While most litigation involves a financial settlement, the underlying dispute can be for a myriad of reasons. Many disputes relate to the non-payment for goods or services that one party believes were provided while the other believes were defective or the terms were not observed. Others may be down to parties falling out or wanting to terminate contracts. Whatever the cause taking issues to court can be extremely expensive if the facts are in dispute.
Often when each side feels that it has much to lose emotions will run high and judgement may be less than impartial.
Very often, when the parties involved realise the length of time that may be involved and the escalation of costs starts to bite they end up agreeing to settle out of court. But before coming to terms with this reality they may have spent considerable sums that might not have been necessary.
So, it makes sense before embarking on costly business litigation for all parties involved to establish clearly and accurately the facts of the dispute and the realistic prospects for a satisfactory outcome.
Simply assembling all the relevant paperwork as evidence before appointing lawyers will save a lot of money and may even avoid an expensive mistake as it will highlight your ability to substantiate claims.
This may involve examining the terms of a contract to establish the nature of a breach such as non-payment for goods and services, not meeting deadlines, the definition of poor service or substituting a material with one of lesser quality.
It may mean establishing precisely what had been agreed by the partners or shareholders including whether there were any terms or conditions that should be referred to should either party wish to leave.
Partnership and shareholder disputes, like employee termination, may be cited as being down to a breach of duties or obligations or poor performance but all too often these are contrived reasons that are used to justify another reason such as a clash of personalities.

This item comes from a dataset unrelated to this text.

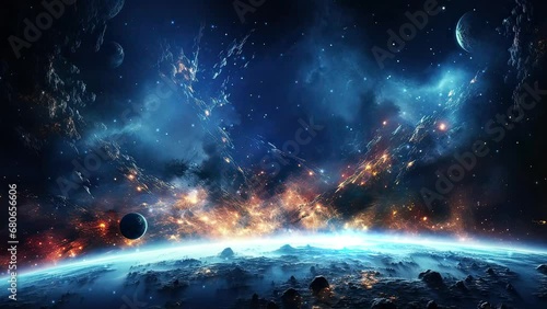 Canvas Prints galaxy and nebula. flying over the blue planet. abstract space background. endless universe with sta - Canvas Prints Canvas Prints galaxy and nebula. flying over the blue planet. abstract space background. endless universe with sta - Canvas Prints

Service and contract disputes are rarely black and white matters and can result in lengthy court hearings, as also can breaches of confidentiality or copyright.

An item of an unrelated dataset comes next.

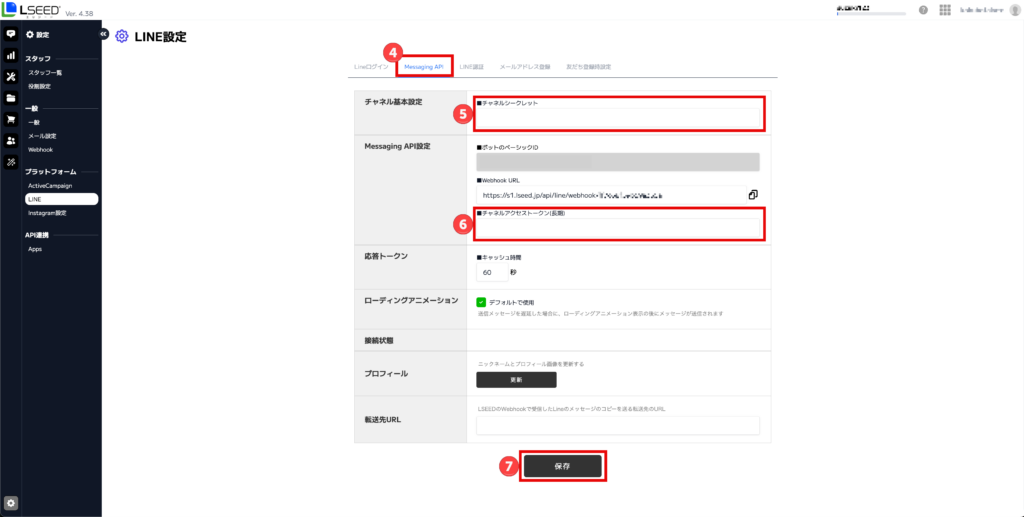 LSEEDとMessagingAPI設定を連携します。

While you might think you are the best person to consider the merits of any litigation it makes sense to engage someone impartial to carry out this task as they will help you remove emotion and pride from any decision.
It is difficult to decide who to use since engaging the right person can also remove a procedural bias. There are likely to be a number of different ways of resolving the dispute where for example, some lawyers like the adversarial nature of the court room, others might promote mediation or arbitration as a form of dispute resolution.

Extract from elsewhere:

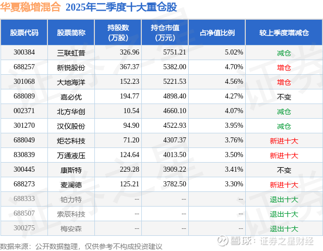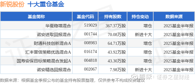 根据2025基金半年报公募基金重仓股数据,重仓该股的公募基金共6家,其中持有数量最多的公募基金为华夏基金的华夏稳增混合。华夏稳增混合目前规模为11.46亿元,最新净值3.166(9月11日),较上一交易日上涨2.03%,近一年上涨84.39%。该公募基金现任基金经理为彭海伟。彭海伟在任的基金产品包括:华夏景气成长一年持有混合发起式A,管理时间为2024年3月28日至今,期间收益率为48.21%。
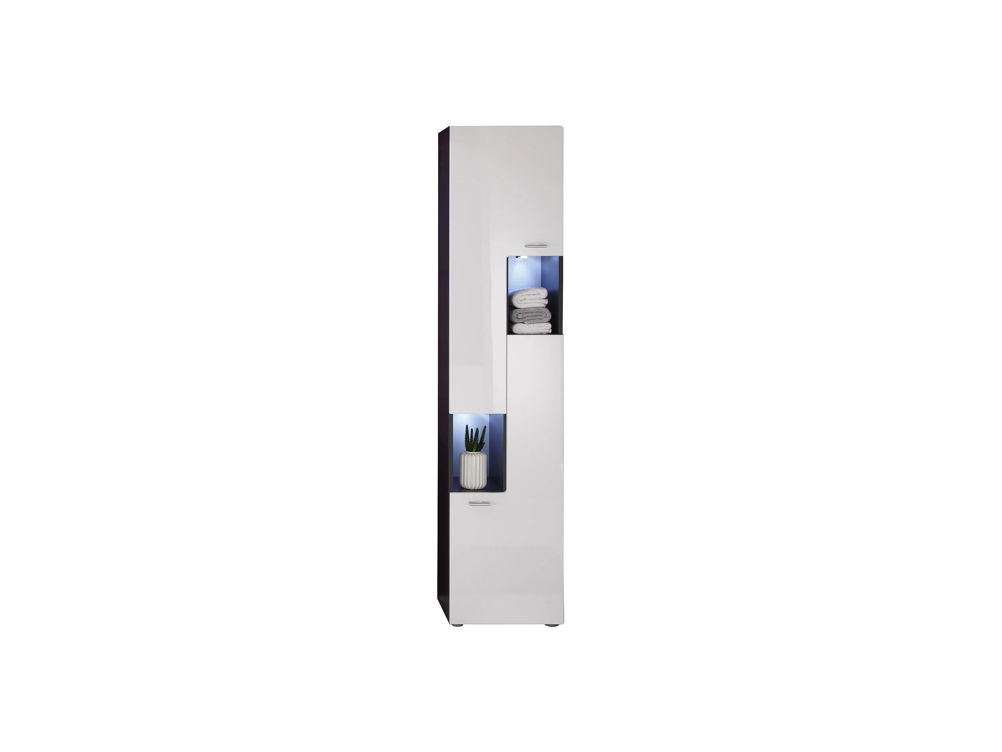 TetisBad kolomkast hoog 2 deuren, 2 open vakken grafiet decor, wit hoogglans.

Before engaging a lawyer, a trusted adviser may be useful. While they may not have the same insight as a barrister who might advise on the likely outcome in court, they can be objective and hopefully wise. I have often simply picked up the phone to the other party and met them to resolve matters for clients long before they escalate. It is a tragedy that emotion and pride tend to be the real barriers to resolving disputes.
Whoever you get to advise you, assembling your evidence and getting an early independent perspective can help avoid fruitless litigation or at least identify the most appropriate procedure for resolving matters.